### Data listing

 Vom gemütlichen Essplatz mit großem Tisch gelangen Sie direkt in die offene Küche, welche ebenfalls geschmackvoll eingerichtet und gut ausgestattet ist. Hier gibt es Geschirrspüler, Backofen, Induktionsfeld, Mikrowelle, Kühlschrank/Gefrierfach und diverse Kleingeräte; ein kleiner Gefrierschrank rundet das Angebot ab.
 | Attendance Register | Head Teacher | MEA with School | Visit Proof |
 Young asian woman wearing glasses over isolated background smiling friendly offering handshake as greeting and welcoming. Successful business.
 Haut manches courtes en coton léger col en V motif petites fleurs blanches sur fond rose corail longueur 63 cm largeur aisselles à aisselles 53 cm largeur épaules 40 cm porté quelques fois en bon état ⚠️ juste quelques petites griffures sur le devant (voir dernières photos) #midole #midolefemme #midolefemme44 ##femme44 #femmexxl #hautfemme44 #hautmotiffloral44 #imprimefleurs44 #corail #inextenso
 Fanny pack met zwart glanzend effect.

######

Exercise aim: What you should produce is an exact restatement of all the material.

Result of this task:
 Vom gemütlichen Essplatz mit großem Tisch gelangen Sie direkt in die offene Küche, welche ebenfalls geschmackvoll eingerichtet und gut ausgestattet ist. Hier gibt es Geschirrspüler, Backofen, Induktionsfeld, Mikrowelle, Kühlschrank/Gefrierfach und diverse Kleingeräte; ein kleiner Gefrierschrank rundet das Angebot ab.
 | Attendance Register | Head Teacher | MEA with School | Visit Proof |
 Young asian woman wearing glasses over isolated background smiling friendly offering handshake as greeting and welcoming. Successful business.
 Haut manches courtes en coton léger col en V motif petites fleurs blanches sur fond rose corail longueur 63 cm largeur aisselles à aisselles 53 cm largeur épaules 40 cm porté quelques fois en bon état ⚠️ juste quelques petites griffures sur le devant (voir dernières photos) #midole #midolefemme #midolefemme44 ##femme44 #femmexxl #hautfemme44 #hautmotiffloral44 #imprimefleurs44 #corail #inextenso
 Fanny pack met zwart glanzend effect.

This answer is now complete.